ChkDeltimestamp2-->|yes| ChkClaimedMachinesLen{"len(claimedMachines) == 0?"}
ChkClaimedMachinesLen-->|yes| DelMSFinalizers["delFinalizers(machineSet)"]
ChkClaimedMachinesLen-->|no| TermMachines["terminateMachines(claimedMachines,machineSet)"]-->CalcMSStatus

DelMSFinalizers-->CalcMSStatus
ScaleUpDown["manageReplicas(claimedMachines) // scale out/in machines"]
-->CalcMSStatus["calculateMachineSetStatus(claimedMachines, machineSet, errors)"]
-->UpdateMSStatus["updateMachineSetStatus(...)"]
-->enqueueMachineSetAfter["machineSetQueue.AddAfter(msKey, 10m)"]

AddFinalizersIMissing-->GetAllMS

claimMachines

claimMachines tries to take ownership of a machine - it associates a Machine with a MachineSet by setting machine.metadata.OwnerReferences and releasets the Machine if the MS's deletion timestamp has been set.

  1. Initialize an empty claimedMachines []Machine slice
  2. Initialize an empty errlist []erro
  3. Iterate through allMachines and Get the ownerRef(the first element in OwnerReferences slice)
  4. If the ownerRef is not nil
    1. if the ownerRef.UID is diff from the machineSets UUID skip the claim and continue. (Since the machine belongs to another machine set)
    2. If the machine selector matches the labels of the machineSet, add to claimedMachines and continue
    3. If the machineSet.DeletionTimestamp is set, skip and continue
    4. Release the Machine by removing its ownerReference
  5. If the ownerRef is nil
    1. If the machineSet.DeletionTimestamp is set or if the machine selector does not mach the machineSet, skip and continue.
    2. If the machine.DeletionTimestamp is set, skip and continue.
    3. Adopt the machine, ie. set the ownerReference to the machineSet and add to claimedMachines
    ownerReferences:
     - apiVersion: machine.sapcloud.io/v1alpha1
       blockOwnerDeletion: true
       controller: true
       kind: MachineSet
       name: shoot--i034796--aw2-a-z1-8c99f
       uid: 20bc03c5-e95b-4df5-9faf-68be38cb8e1b
    
  6. Returned claimedMachines.

synchronizeMachineNodeTemplates

func (c *controller) syncMachinesNodeTemplates(ctx context.Context, 
 claimedMachines []*Machine, machineSet *MachineSet) error 
  1. This iterates through the claimeMachines and copies the machineset.Spec.Template.Spec.NodeTemplateSpec to the machine.Spec.NodeTemplateSpec
  2. NOTE: Seems useless IO busy-work to me.

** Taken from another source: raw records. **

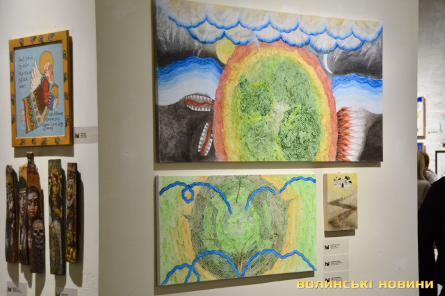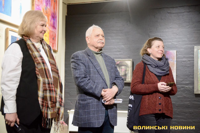 Як він інформував, на виставці в Луцьку представлені твори трьох митців, які зараз захищають нас на фронті. Це Святослав Владика, Олександр Бриндіков і Роман Барабах.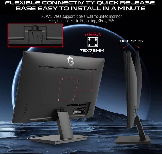 GAMEON 22″ FHD Flat Gaming VA Monitor, 75 Hz Refresh Rate, 2ms Response Time, Edge Lit LED, 16.7M Display Colors, 3000 1 Contrast Ratio, Fixed Stand, HDR, Low Blue Light, Black | GOB22FHD75VA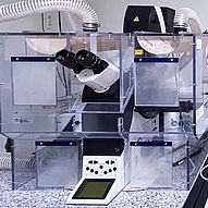 Dieses konfokale Laser Scanning Mikroskop TCS SP5 ermöglicht eine Vielzahl von zellbiologischen Auswerteverfahren in hoher Auflösung in einem S2-Labor.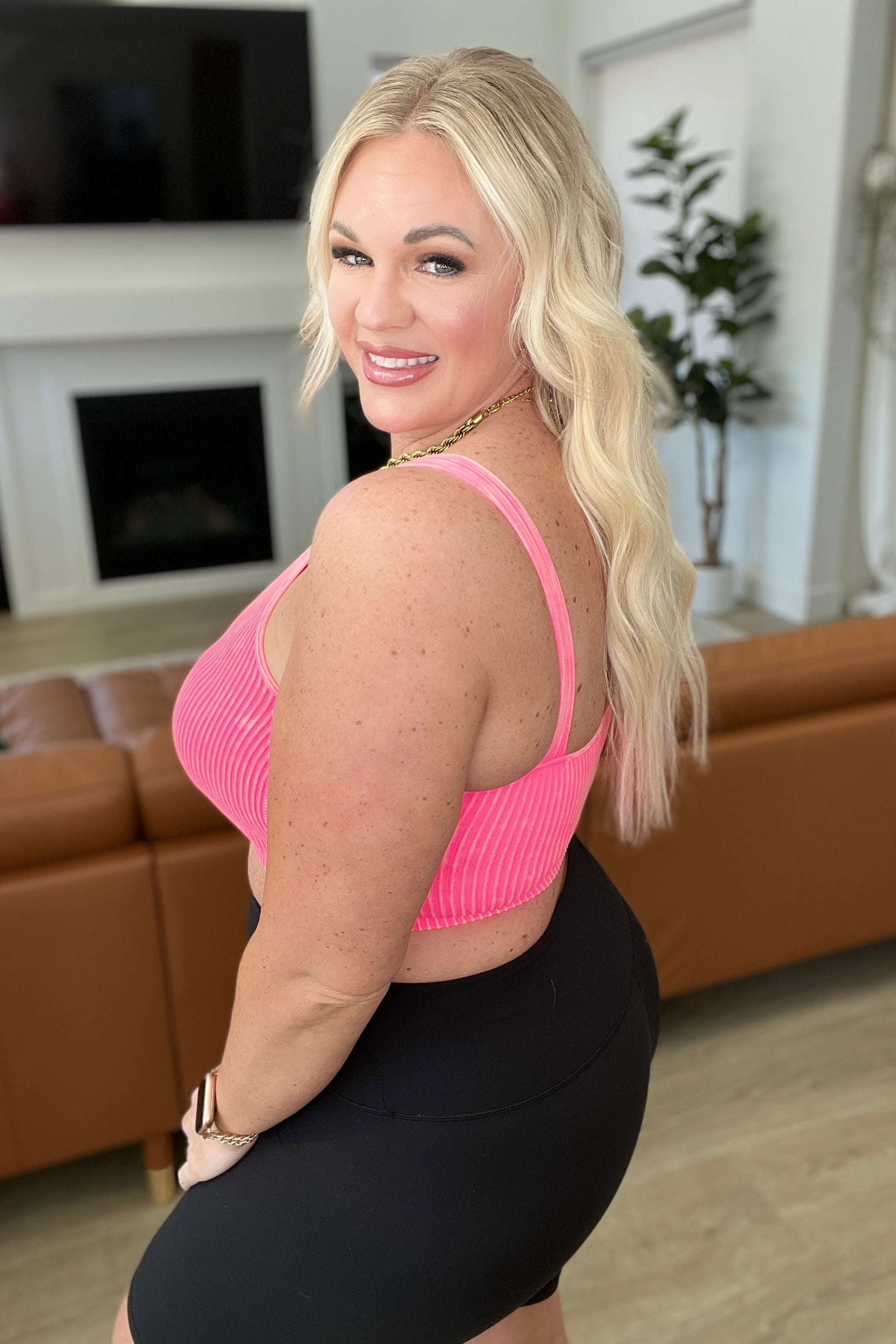 Mineral Washed Padded Cropped Tank in Fuchsia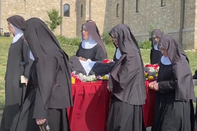Sekitar pukul 17.00, lusinan biarawati dari Benediktin Maria, Ratu Para Rasul, membawa pendiri mereka di atas mimbar di sekitar properti Biara Bunda Kita di Efesus, membacakan rosario dan menyanyikan himne. Beberapa dari ribuan peziarah yang mengunjungi biara selama tiga hari akhir pekan Hari Peringatan mengikuti di belakang.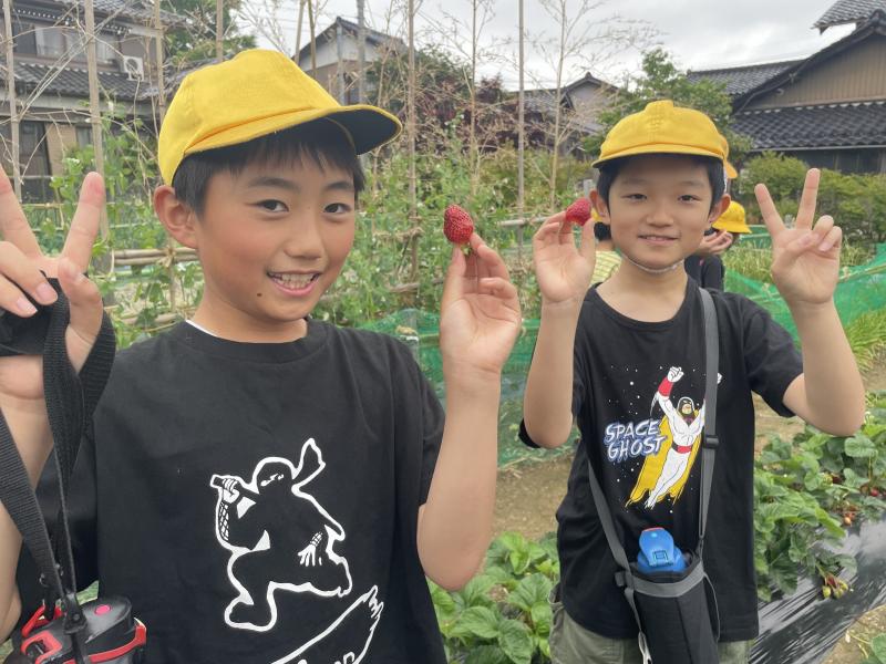 また、1・3・5年生は、地域の裏谷さんのご厚意により、いちご狩りの体験をしてきました。おいしいいちごをたくさん食べてとても満足した様子でした。地域の方の思い等、これから学習にもつなげていけるといいですね。2・4・6年生も24日に体験をさせていただく予定となっております。裏谷さん、ありがとうございます。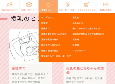 妊娠中から卒乳まで、知りたい情報を、その道のりに沿ってわかりやすく提供しています。

When MC launches the Machine, it might as well access the owning MachineSet and get the NodeSpec.
  3. The only reason to do this is to support independent Machines without owning MachineSets. We will need to see whether such a use-case is truly needed.

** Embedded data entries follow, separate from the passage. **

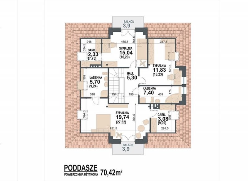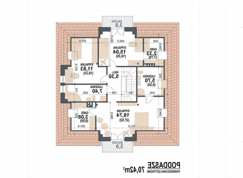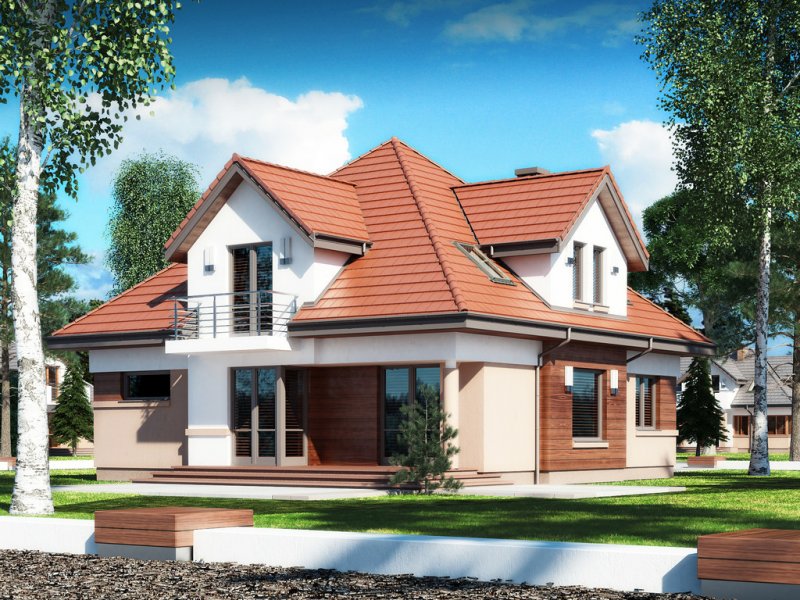 dach: czterospadowy o konstrukcji drewnianej z pokryciem z dachówki ceramicznej, cementowej lub blachodachówki
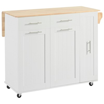 Rolling Kitchen Cart, Kitchen Island with Wood Top, Shelves & Drawers for Dining Area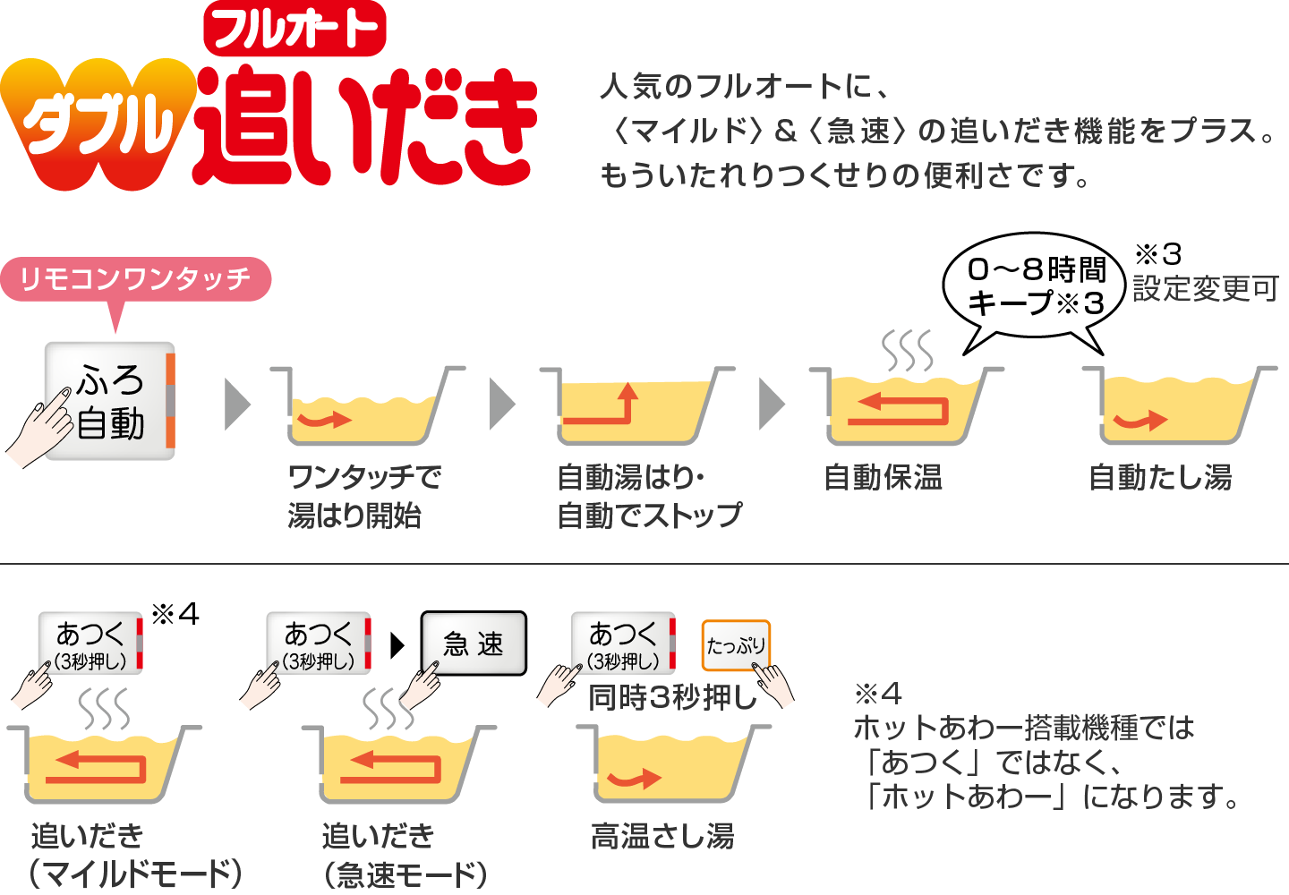 ワンタッチで自動湯はり・自動ストップ・自動保温・自動たし湯を行うふろ自動で人気のフルオートに、「マイルド」&「急速」の追いだき機能をプラスしたフルオートダブル追いだき。もういたれりつくせりの便利さです。

NOTE: NodeTemplate describes common resource capabilities like cpu, gpu, memory, etc in terms of k8s.io/api/core/v1.ResourceList. This is used by the cluster-autoscaler for scaling decisions.

syncMachinesConfig

Copies machineset.Spec.Template.Spec.MachineConfiguration to machine.Spec.MachineConfiguration for all claimedMachines.

See MachineConfiguration inside MachineSpec

syncMachinesClassKind

NOTE: This is useless and should be removed since we only have ONE kind of MachineClass. TODO: Discuss with Himanshu/Rishabh.

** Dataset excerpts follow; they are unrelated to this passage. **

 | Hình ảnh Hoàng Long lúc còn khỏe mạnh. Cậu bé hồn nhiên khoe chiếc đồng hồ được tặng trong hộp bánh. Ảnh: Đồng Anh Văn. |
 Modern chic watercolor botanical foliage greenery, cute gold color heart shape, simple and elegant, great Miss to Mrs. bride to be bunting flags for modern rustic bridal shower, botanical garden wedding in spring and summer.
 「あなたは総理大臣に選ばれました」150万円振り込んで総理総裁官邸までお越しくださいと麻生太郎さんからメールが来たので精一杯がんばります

func (c *controller) syncMachinesClassKind(ctx context.Context, 
    claimedMachines []*Machine, machineSet *MachineSet) error 

Iterates through claimedMachines and sets machine.Spec.Class.Kind = machineset.Spec.Template.Spec.Class.Kind if not already set.

manageReplicas (scale-out / scale-in)

func (c *controller) manageReplicas(ctx context.Context, 
    claimedMachines []Machine, machineSet *MachineSet) error
%%{init: { 'themeVariables': { 'fontSize': '11px'},"flowchart": {"defaultRenderer": "elk"}} }%%
flowchart TD

Begin((" "))
-->Init["activeMachines :=[], staleMachines:=[]"]
-->IterCLaimed["machine := range claimedMachines"]
--loop-->IsActiveOrFailed{"IsMachineActiveOrFailed(machine)"}

IsActiveOrFailed-->|active| AppendActive["append(activeMachines,machine)"]
IsActiveOrFailed-->|failed| AppendFailed["append(staleMachines,machine)"]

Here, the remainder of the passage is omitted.